A kid in jeans and a white T-shirt with food stains came tearing around the truck, running for his life. She couldn’t check the swing of her sword but she did alter its course, giving him a slight haircut and an abrasion as the flat of the blade skipped across his head. The boy fell at her feet with a cry as if she had killed him. He smelled like fryer grease and onions. He probably worked in the resort kitchen.
She readied her sword again and kicked him hard in the ribs. He yelped, but his appearance didn’t blur or alter. He wasn’t a Kurian escaping in disguise.
“What’s your name?” she asked.
The boy was silent for a moment. Then he said, “Tyler.”
“Get across the highway, Tyler,” she said, pointing. “The shooting won’t last much longer.”
“They’re killing the patients, too!” the boy sobbed.
“All the more reason for you to run. Now get!” She nudged him with the toe of her boot and he took off.
>
She wasn’t surprised. The Bears, with their blood up, would go through the place like a buzz saw. While they probably wouldn’t shoot wounded in their beds, she could see them blasting anything in Ordnance colors. The hotel served as a convalescent home for Ordnance wounded and they wouldn’t be able to tell who was who when shooting down a hallway. It was a healthy environment for physical rehabilitation. That’s probably why they kept a few horses around—gentle exercise.
Valentine would be upset. He put more stock into the niceties than she did. She thought it was odd that you could do anything you liked to a man on a battlefield, but the instant he was in a hospital he was off-limits, until he got well enough to go back out onto the battlefield to get blown up again.
Speaking of blowing things up, since she had some time she rigged a couple of the trucks with her remaining grenades. It took her just a few minutes to booby-trap two of the bigger trucks.

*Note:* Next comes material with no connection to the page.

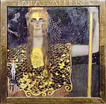 | 07 | ![]() | 1898 – Pallas Athena (oil on canvas, 75 cm × 75 cm) | Enhanced by the golden frame created by Klimt's brother, Georg, the goddess Athena is portrayed in front of a frieze borrowed from a black-figure Attic vase of the 6th century BC. The red hair comes out of the helmet so as to underscore the goddess' femininity, notwithstanding her armour. Following the example of the Munich Secession, Athena is chosen as the patron numen of the Viennese Secession.[2] |

Thankfully, boot heels on gravel could be heard some ways off. A fat man in a colonel’s uniform came puffing toward the stables. He moved quietly and gracefully for his rotundity, on little feet that bounced him along like a dancer. His face was a greasy sheen of sweat and his oversized mouth split his face in two, with wide-set pop eyes giving him a froglike visage. Along with the flab around his belly, he carried a big boxy briefcase full of maps and a smaller, expensive-looking leather satchel with papers and a power cord peeping out.
She hunkered down behind an official-looking open-topped four-wheel drive, but the fat colonel surprised her. He hung his overcoat on a gas pump for the utility vehicles, then headed straight for the motorcycle and set about attaching his cases, the map case in the back and the leather briefcase to the handlebars.
Well, if a speedy getaway is what you’re after, you can’t beat a motorcycle. The colonel looked more like he enjoyed a few brandies and pastries in a comfortable chair than a motorcycle saddle, but you never really know.